**Task requirements:** Return exactly the lines of the records below, starting at the line that contains "- 2016年〜2030年ま" and ending at the line that contains "Both Fibonacci and", with both of those lines kept.

**Records for the exercise:**
..............................

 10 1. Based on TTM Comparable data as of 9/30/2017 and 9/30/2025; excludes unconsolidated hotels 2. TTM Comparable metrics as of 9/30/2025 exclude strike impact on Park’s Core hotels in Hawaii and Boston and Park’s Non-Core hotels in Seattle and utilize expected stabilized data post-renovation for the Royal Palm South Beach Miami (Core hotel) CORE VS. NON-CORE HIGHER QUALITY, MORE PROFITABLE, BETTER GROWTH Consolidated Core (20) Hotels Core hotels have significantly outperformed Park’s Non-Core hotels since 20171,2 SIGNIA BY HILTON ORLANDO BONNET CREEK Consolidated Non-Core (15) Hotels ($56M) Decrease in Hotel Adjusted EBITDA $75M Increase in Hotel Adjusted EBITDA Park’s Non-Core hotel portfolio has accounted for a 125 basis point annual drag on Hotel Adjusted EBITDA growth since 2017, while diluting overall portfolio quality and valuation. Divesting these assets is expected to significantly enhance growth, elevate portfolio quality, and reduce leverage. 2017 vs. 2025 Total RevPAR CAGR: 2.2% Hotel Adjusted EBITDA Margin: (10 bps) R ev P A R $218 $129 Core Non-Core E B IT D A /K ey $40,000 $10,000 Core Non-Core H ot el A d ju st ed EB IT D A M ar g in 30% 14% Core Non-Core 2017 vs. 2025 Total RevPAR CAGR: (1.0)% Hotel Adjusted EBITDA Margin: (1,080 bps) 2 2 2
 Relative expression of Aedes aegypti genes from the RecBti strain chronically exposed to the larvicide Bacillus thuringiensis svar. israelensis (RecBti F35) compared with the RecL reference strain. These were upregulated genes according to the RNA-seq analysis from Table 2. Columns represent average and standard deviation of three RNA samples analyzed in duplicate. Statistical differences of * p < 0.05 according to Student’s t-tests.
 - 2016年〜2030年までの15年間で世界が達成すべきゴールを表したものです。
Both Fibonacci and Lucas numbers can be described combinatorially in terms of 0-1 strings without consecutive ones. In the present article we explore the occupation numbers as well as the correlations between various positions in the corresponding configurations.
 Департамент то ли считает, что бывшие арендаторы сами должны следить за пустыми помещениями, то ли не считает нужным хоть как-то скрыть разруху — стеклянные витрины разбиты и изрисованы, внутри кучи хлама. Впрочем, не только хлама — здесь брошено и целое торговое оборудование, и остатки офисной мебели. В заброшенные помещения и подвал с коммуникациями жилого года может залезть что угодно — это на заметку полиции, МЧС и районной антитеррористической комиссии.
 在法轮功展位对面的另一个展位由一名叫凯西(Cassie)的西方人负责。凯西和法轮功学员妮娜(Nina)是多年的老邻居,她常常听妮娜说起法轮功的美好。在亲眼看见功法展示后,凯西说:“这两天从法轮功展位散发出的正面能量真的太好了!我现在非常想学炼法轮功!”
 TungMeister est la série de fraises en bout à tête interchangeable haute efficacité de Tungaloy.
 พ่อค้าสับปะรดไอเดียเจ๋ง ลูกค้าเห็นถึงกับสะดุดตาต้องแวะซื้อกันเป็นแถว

..............................

**Reply:**
 - 2016年〜2030年までの15年間で世界が達成すべきゴールを表したものです。
Both Fibonacci and Lucas numbers can be described combinatorially in terms of 0-1 strings without consecutive ones. In the present article we explore the occupation numbers as well as the correlations between various positions in the corresponding configurations.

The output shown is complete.